3.2. Upregulation of Sugar and Amino acid Metabolism Pathways by TSWV

Apart from the light reactions, other metabolic pathways including glycolysis, TCA cycle, electron transport chain and amino acid metabolism, among others, were found to be upregulated in response to TSWV infection. Fructose bisphosphate aldolase, one of the key enzymes of glycolysis, C3 cycle and gluconeogenesis was found to be increased in response to TSWV infection. The involvement of this particular enzyme has been well established in the case of abiotic stresses including heat [19], cold [20], drought [21], salt [22] and cadmium [23]. However, there is not much information available on the expression pattern of this enzyme in case of biotic stress. Although there are no reports on the modulation of this enzyme by the virus infection in particular, some reports highlighted its role in biotic stress tolerance against Fusarium [24]. In addition to this enzyme, different subunits of cytochromes were also found to be upregulated by TSWV inoculation. Functions of cytochromes in the biotic stress tolerance are well established. It has been shown that the suppression of a cytochrome P450 gene compromises the basal pathogen defense response of pepper plants [25]. In particular, an enhanced susceptibility of pepper plants to bacterial pathogens was observed upon suppression of the cytochrome P450 gene. It was suggested that cytochrome P450 may mediate the plant defense responses through salicylic acid and ABA signaling pathways [25]. Yet another similar report suggested that the cytochrome P450 CYP82D regulates systemic cell death in cotton by modulating the jasmonate biosynthesis pathway [26]. Interestingly, here we also observed an upregulation of the enzymes involved in jasmonate biosynthesis, indicating the functioning of a similar mechanism of regulation of systemic cell death in tomato leaves in response to TSWV. Apart from these specific roles of the above enzymes in plant defense, it has been proposed that the overall upregulation of primary metabolism modulates signal transduction cascades culminating into plant defense responses [27].

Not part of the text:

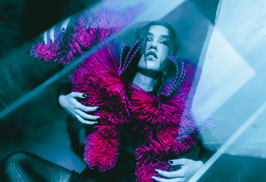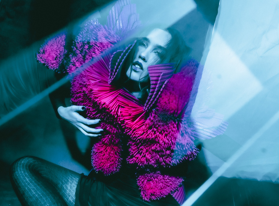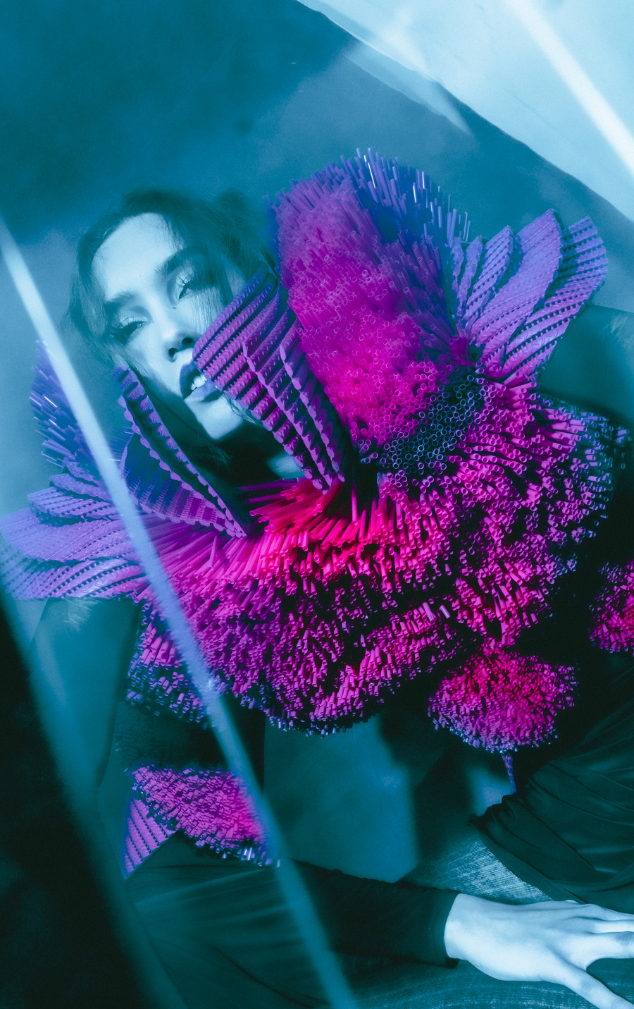 A KALTBLUT exclusive. The creative director and photographer is Nika Ilić. The model is Timotea Topić. Costume Designer, all fashion and styling by Nera Gržin. The designs of Nera Gržin delve into shaping garments using red hues, employing unconventional materials and eschewing traditional tailoring for innovative forms. It seeks to convey the rebellious essence of red through a fashion collection, highlighting textures and sculptural elements. The outcome merges theoretical insights with experimental techniques, yielding fresh forms and a distinct aesthetic.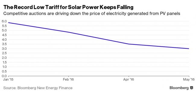Таким образом, стоимость самых дешевых предложений на рынке солнечной энергетики за прошедший год снизилась почти на 50%. Это самая низкая цена чистой энергии, зафиксированная на сегодняшний день. Но рекорд вряд ли продержится долго. На тендерах 2015 и 2016 года в США и других странах наметилась тенденция к резкому снижению цены. За последние 16 месяцев себестоимость электроэнергии в том же Дубае упала почти в два раза.

3.3. Secondary Metabolism was Activated in Response to TSWV Infection

In the case of secondary metabolism, increased abundances of some of the key enzymes including phenylalanine ammonia-lyase, 4-coumaroyl-CoA synthase, naringenin-chalcone synthase, and dihydroflavonol-4-reductase were observed, indicating TSWV induced accumulation of secondary metabolites which may play defensive roles. In addition to these key enzymes, an increased abundance of two isoforms of anthranilate N-hydroxycinnamoyl/benzoyltransferase 3 was also observed. This enzyme has been reported to catalyze the first step of phytoalexin biosynthesis incarnation and was only induced in response to fungal elicitors [28]. Phytoalexins are a group of antimicrobial compounds including terpenoids, glycosteroids and alkaloids that are synthesized only in response to pathogen attack [29]. These phytoalexins play crucial roles in plant defense by inhibiting the growth and reproduction of invading pathogens. Although the functions of phytoalexins in viral defense are still elusive, few reports have highlighted their roles in viral infections. It was reported that a terpenoid phytoalexin plays a critical role in basal defense against Potato virus X in N. benthamiana as silencing of the phytoalexin synthesis genes attenuated the plant’s resistance to invading virus [30]. Furthermore, two isoforms of strictosidine synthase-like proteins were also found to be upregulated in response to TSWV infection. Strictosidine synthase is involved in the production of strictosidine which is a precursor for monoterpene indole alkaloids including quinine, camptothecin, ajmalicine, serpentine, vinflunine, vinblastine and vincristine [31]. Although pathways for strictosidine biosynthesis are not present in tomato and other members of the Solanaceae family, strictosidine synthase-like proteins have been identified in almost all the multicellular organisms including animals. In Arabidopsis, upregulation of strictosidine synthase-like genes was observed in response to exogenous treatment of salicylic acid, methyl jasmonate and ethylene [32]. In addition, wounding stress and inoculation of Alternaria brassicicola and cucumber mosaic virus also resulted in the upregulation of the strictosidine synthase-like genes [32], indicating their critical functions in plant defense signaling.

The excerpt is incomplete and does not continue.